But I—as well as some of my peers, judging by how quickly they were moving through the game—felt compelled to play as fast as possible in order to finalize our reviews and vomit out impressions, balancing expediency with our professional obligation to examine products with a discerning eye. For the first eight levels, I did everything: explored every nook and cranny, checked off every secret, claimed every weapon upgrade point. After that, feeling crunched for time, I switched gears, barreling through remaining missions so I could beat the campaign and spend time on the other two modes.
Charging through a game like Doom is like allocating one day to tour Disney World. Except you have to, because if you don't, someone else will hug Anna and Elsa first.

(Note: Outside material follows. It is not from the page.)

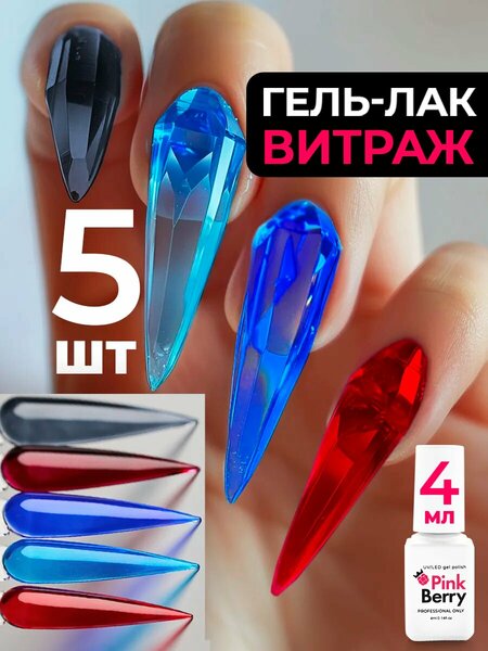 Витражный набор гель лаков для маникюра 5 шт по 4 мл. Яркий, чистый равномерный цвет, максимально прозрачный как стекло. Витражный гель лак – это шедевр в ногтевой индустрии, идеальное сочетание качества и популярности. Самые востребованные цвета в одном наборе - 5 шт. Мы позаботились о вашем творческом порыве, и включили в набор все популярные оттенки – синий, красный, голубой, сине-черный, бордовый. Профессиональный подход при создании формулы гель – лака гарантирует легкость в нанесении - без видимых полос и неровностей. Шеллак самовыравнивающийся. Интенсивный цвет витража позволяет окрашивать другие виды покрытий для ногтей, создавая свой уникальный материал. Эффекты, создаваемые с их помощью, украсят любой маникюр. Этот гельлак станет блестящим акцентом созданного образа, привлекая восхищенные взгляды. Спасибо за выбор Pinkberry!

There's a reason Doom's campaign turned so many heads, and not just because it's magnificent.
Popular consensus says that early reviews translate to publisher confidence, while late ones are tantamount to bunkers where publishers can take cover when critics and consumers drop nukes on total duds.
That's not always the case. Erik Kain of Forbes.com pointed out that Ubisoft has a habit of stretching embargoes until the last minute. Child of Light, Rayman Legends, and South Park: The Stick of Truth had launch-day embargoes and garnered reviews on the high end of the scale.
Still, the point is that passing out review copies early indicates confidence, another strike against Doom as it rounded the corner to May 13th. Its multiplayer beta from earlier in the year made players recoil due to its blandness, and handing out review codes to the press on the day of release, rather than well beforehand, seemed an implicit admission of guilt: Doom was going to be a disaster.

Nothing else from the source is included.